Shannon Lanier poses at the new exhibit, in

Shannon Lanier poses at the new exhibit, in the Smithsonian's National Museum of American History in Washington, titled "Slavery at Jefferson's Monticello: Paradox of Liberty." Lanier is a descendant of Thomas Jefferson's slave Sally Hemings. (Jan. 25, 2012) Credit: AP

Thomas Jefferson wrote "all men are created equal" to declare U.S. independence from Britain, yet he also was a lifelong slave owner who freed only nine of his more than 600 slaves.

That contradiction between ideals and reality is at the center of a just-opened exhibit in Washington, D.C., as the Smithsonian Institution continues developing a national black history museum. It offers a look at Jefferson's Monticello plantation in Virginia through the lives of six slave families and artifacts from where they lived.
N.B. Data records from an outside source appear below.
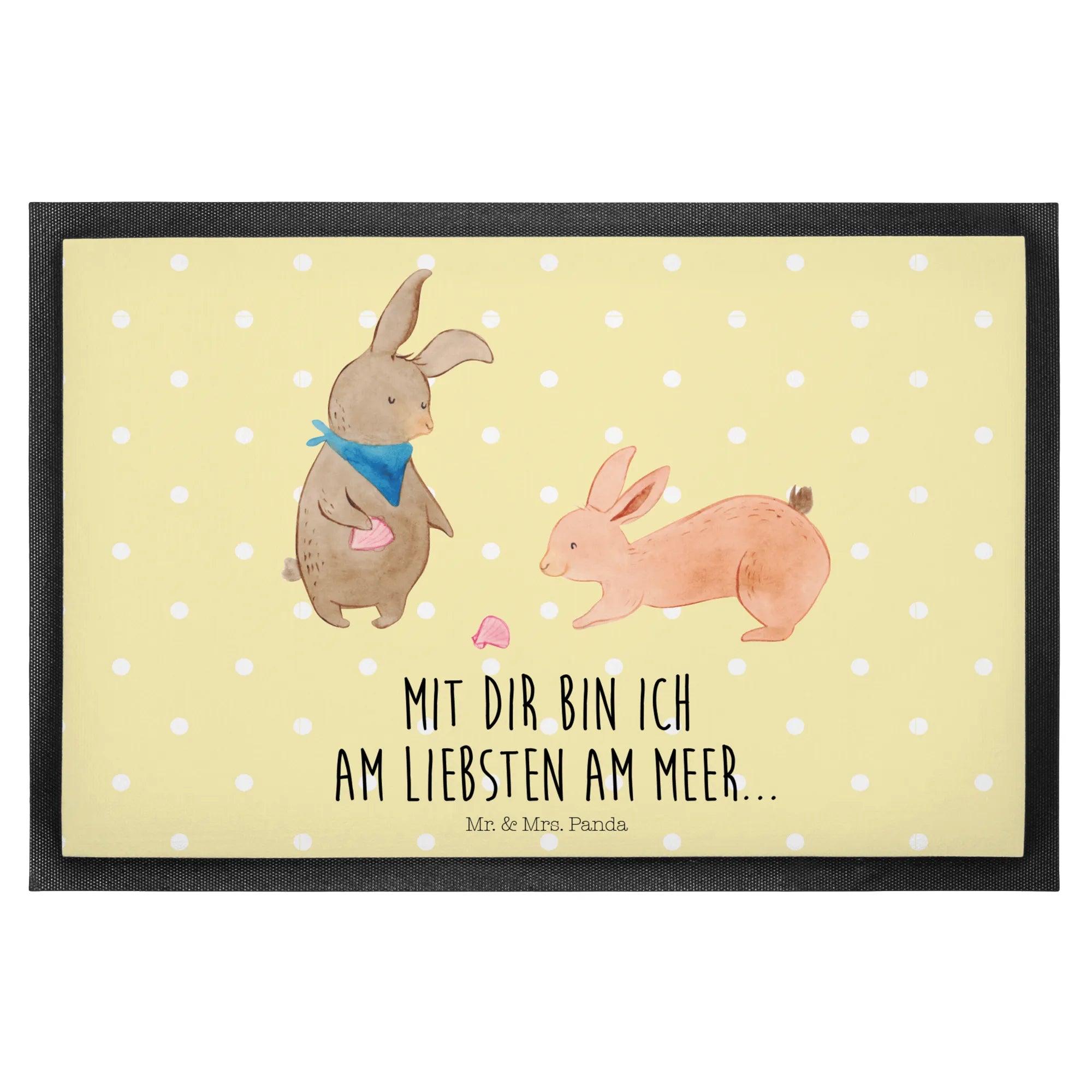 Die bezaubernde Fußmatte "Hasen Muschel" von Mr. & Mrs. Panda ist das perfekte Geschenk für Familie und Freunde, die das Meer und die fröhlichen Momente, die es mit sich bringt, lieben. Mit dem liebevollen Slogan "Mit dir bin ich am liebsten am Meer..." bringt diese Schmutzmatte ein Stückchen Urlaubsfeeling in dein Zuhause.
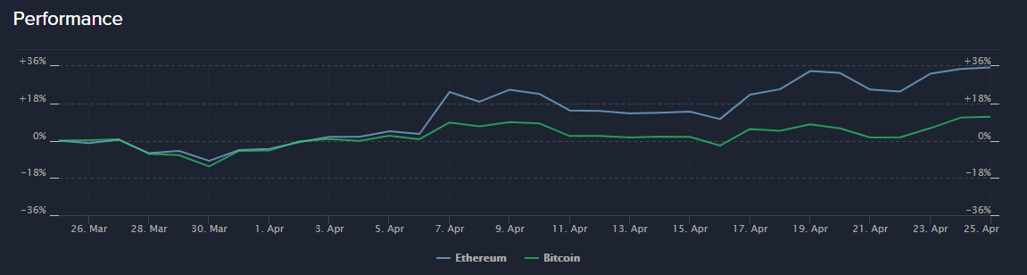 SponsoredНаибольший разрыв был зафиксирован 19 апреля, когда доходность ETH составляла 34%, а BTC — 8%. На момент написания материала, разрыв сократился с 26% до 24%.
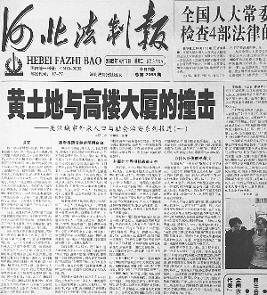 当时,互联网的应用不像现在这么普及,报道中涉及资料的收集工作费了不少功夫。每篇稿件的初稿出来后,大家都字斟句酌,反复修改。当时还都是手写稿件,每页稿纸上都布满了大家不同笔迹、不同颜色的修改痕迹。记得第一篇稿件出来后,大家逐一修改,仍感觉标题不够理想,我们向当日值班副总编张华楷求助,“黄土地与高楼大厦的撞击”成了最终的见报标题。
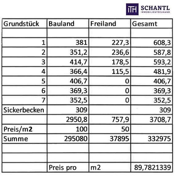 In den ca. 3.700m2 ist das Sickerbecken für die optimale Entwässerung berücksichtigt (siehe Teilungsplan)

The exhibit, "Slavery at Jefferson's Monticello: Paradox of Liberty," will be on view at the National Museum of American History through mid-October. It includes a look at the family of Sally Hemings, a slave. Most historians now believe she had an intimate relationship with the third president and that he fathered her children. 



In the exhibit, oral histories from descendants of Jefferson's slaves reveal stories passed down through generations, along with detailed records kept by Jefferson. A portion of the exhibit devoted to the Hemings-Jefferson story marks the first time the subject has been presented on the National Mall. Curators stopped short of making a definitive statement in the exhibit about the relationship, but wrote that it was likely an intimate one, based on documentary and genetic evidence.

Many artifacts from Jefferson's plantation, including tools and kitchen ceramics used by slave families, are on public view for the first time. 



Smithsonian's National Museum of African American History and Culture is scheduled to open in 2015. Museum director Lonnie Bunch said his staff can test ideas by building exhibits like the Jefferson one before then to see how the public responds. Slavery, he says, is still the "last great unmentionable" in public discourse but central in shaping American history.

"This is a story we know we have to tell, and this is a story we know is going to be difficult and going to be challenging, but this new museum has to tell the story," he says.